Not sure why you're directing your ire towards me, when I stated full out it can be situationally appropriate. You're the one making declarations about non-hoverers not parenting, and people sitting on the bench not doing anything.

I'm sure, were we to meet, I probably wouldn't notice you (since it's fairly common for tods&under parents to hover, what else are you supposed to do on a mixed age play situation?), and I'm sure you'd probably not notice me except for perhaps some momentary disdain at yet another mama parking her big old butt on a bench and not running and playing with her kid, if you had time for all that while watching your very young child. You've made those comments several times in the course of the thread. There's frankly nothing you or I can do about stupid or careless people, regardless of whether we hover or not. I support your right to do whatever it is you feel you need to do to protect your child, I just hope that you'd back off and let me do my thing too, so long as my kids weren't bugging yours.
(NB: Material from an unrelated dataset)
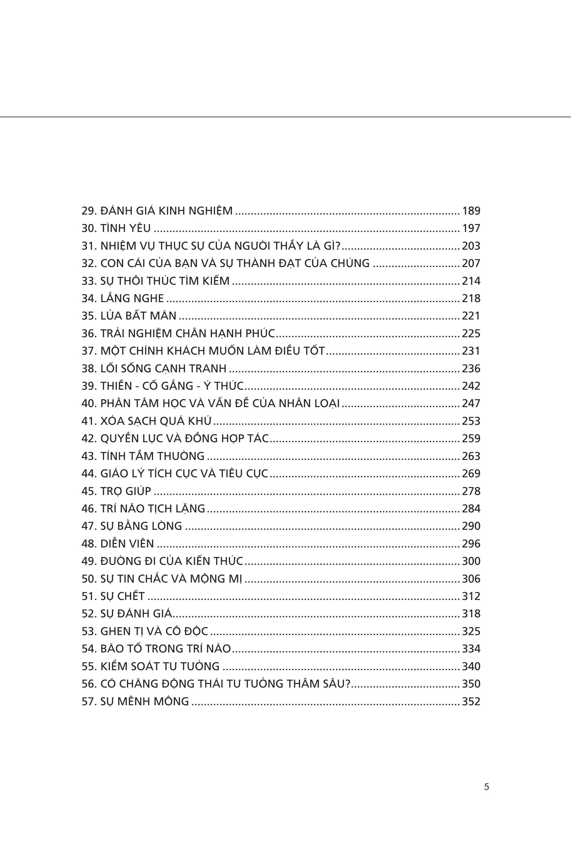 Qua những buổi nói chuyện ngắn gọn, Krishnamurti đã chỉ ra chính vấn đề mới quan trọng, chứ không phải câu trả lời. Nếu chúng ta tìm kiếm một lời giải, chúng ta sẽ tìm thấy; nhưng vấn đề sẽ vẫn còn y nguyên, bởi vì lời giải không liên quan gì với vấn đề. Công cuộc tìm kiếm của chúng ta là nhằm lẩn trốn vấn đề, và lời giải là một cách cực kỳ hời hợt, nông cạn, vì vậy không có thấu hiểu vấn đề. Tất cả những vấn đề nảy sinh từ một nguồn cội, và nếu không thấu hiểu nguồn gốc ấy, bất kỳ cố gắng nào để giải quyết những vấn đề chỉ dẫn đến hỗn loạn và đau khổ thêm mà thôi.
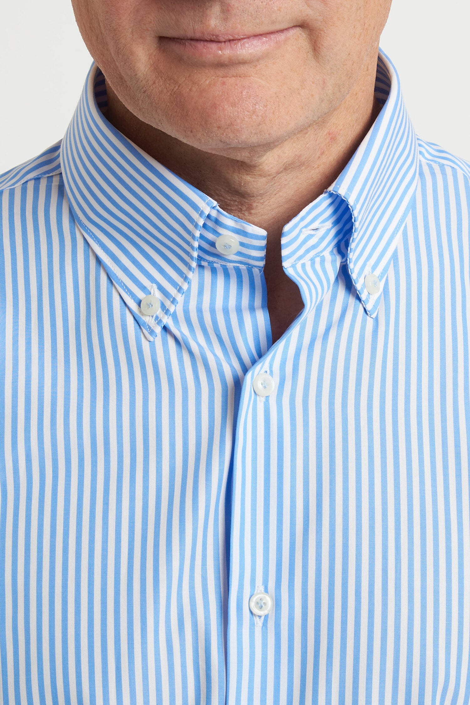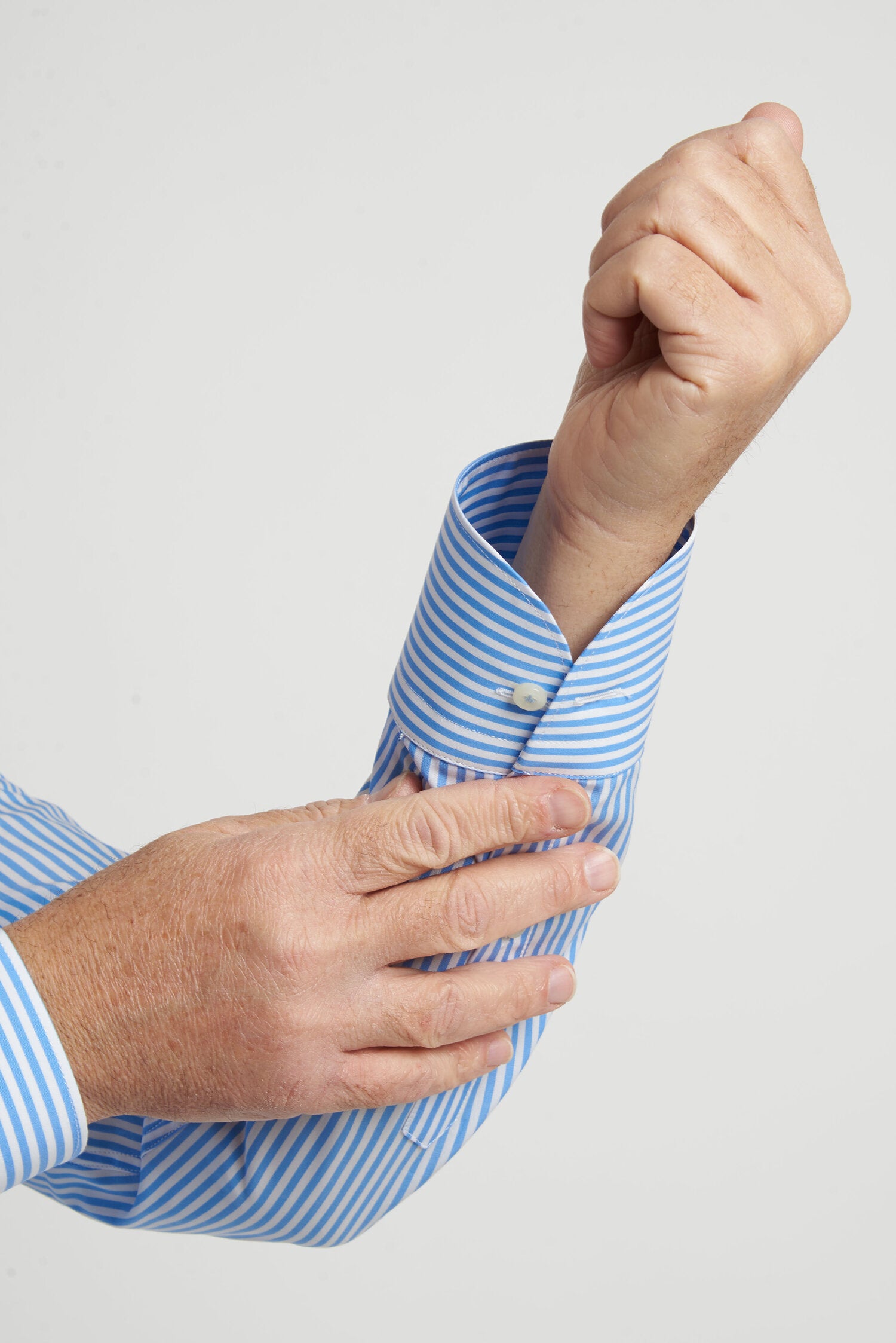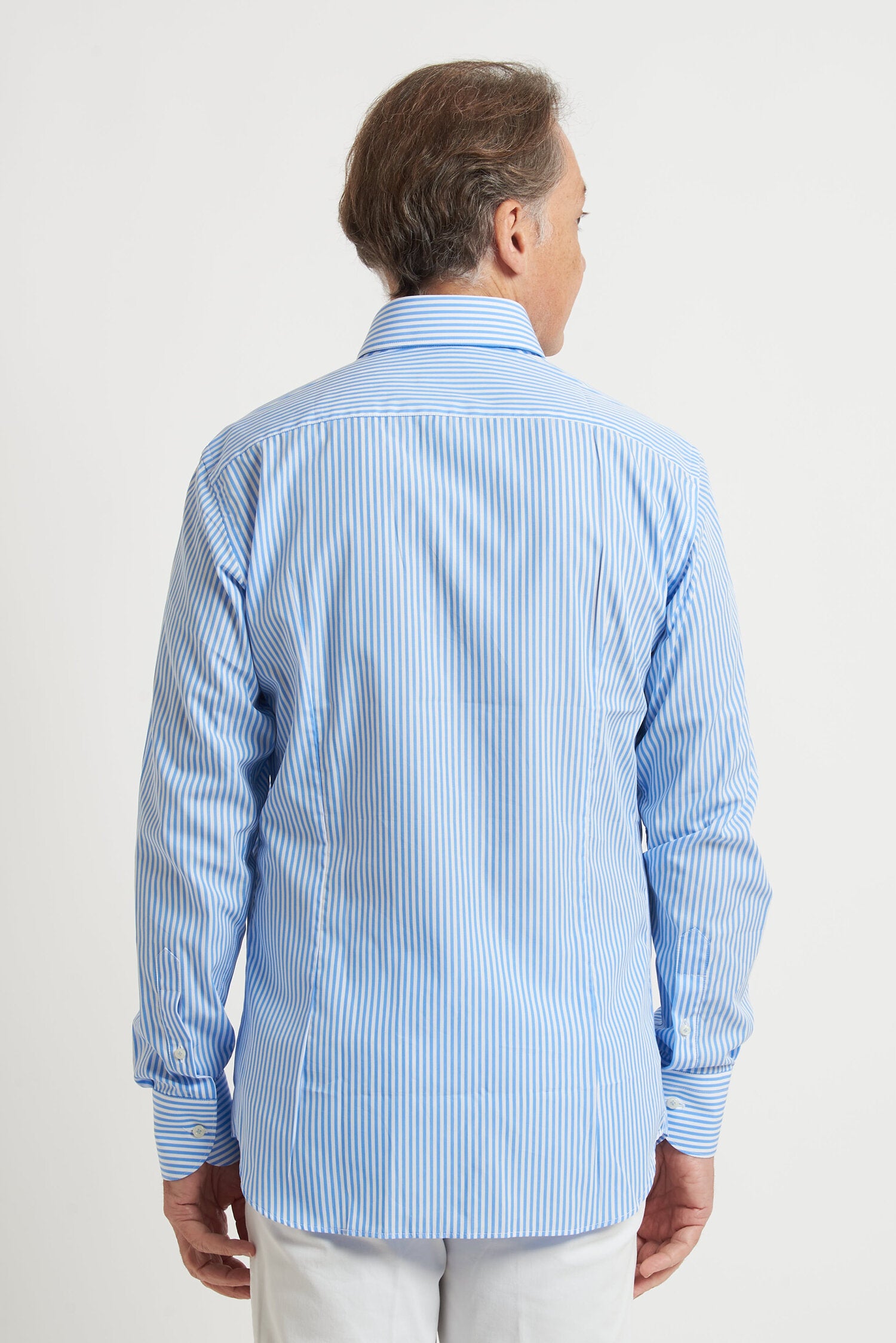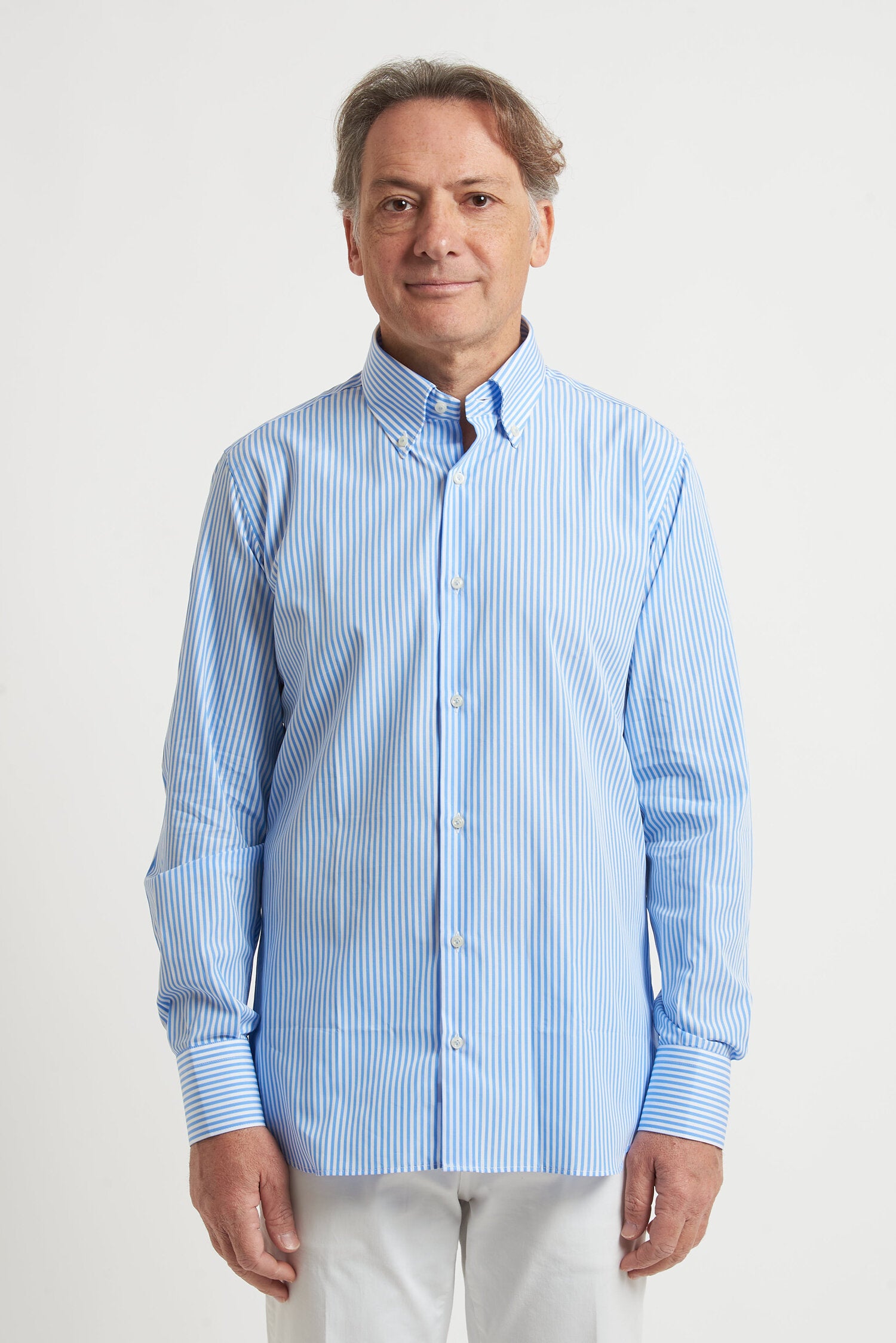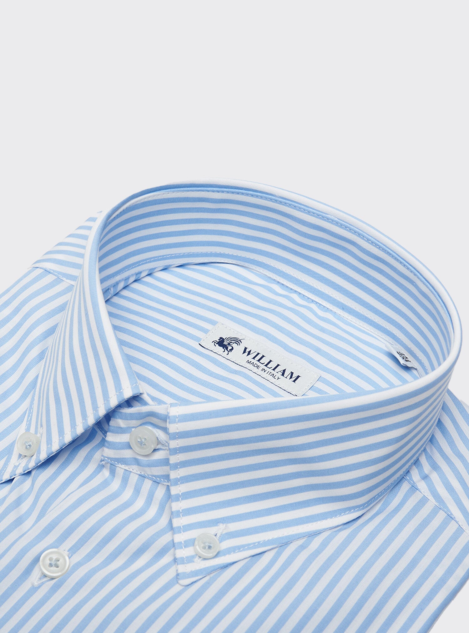Camicia rigata WILLIAM, realizzata in puro cotone di alta qualità liscio e compatto. Il collo è modello button down con pistagna di 3,5 cm di altezza. È realizzata con 2 pinces dietro la schiena. Il polso è caratterizzato dall'avere 2 asole ed 1 bottone...lo puoi abbottonare normalmente oppure puoi scegliere di indossare i gemelli. La vestibilità è regolare ma contemporanea. Composizione: 100% cotone.

Not everyone parking their butt on the bench is inattentive. Even if we sneak a peek at a book now and then. I didn't say that all hoverers wrap their children in bubble wrap and sterilize them 5 times every hours while they're in high risk situations did I? No. I just said that I found it personally annoying, and I find it doubly annoying with the expectation that I should be doing it to shoved into my face. Do I make mean faces at the hovering mamas? No. As I hope you don't at the people who are sitting on the sidelines whose children are behaving just fine. I might have to stick my tongue out at you, if I caught you giving me a dirty look, and I hope we'd both laugh. One can always dream, right?


----------



## HollyBearsMom (May 13, 2002)

I wanted to come back to this after reading with great interest the hypothetical seat belt thread since it really got me thinking.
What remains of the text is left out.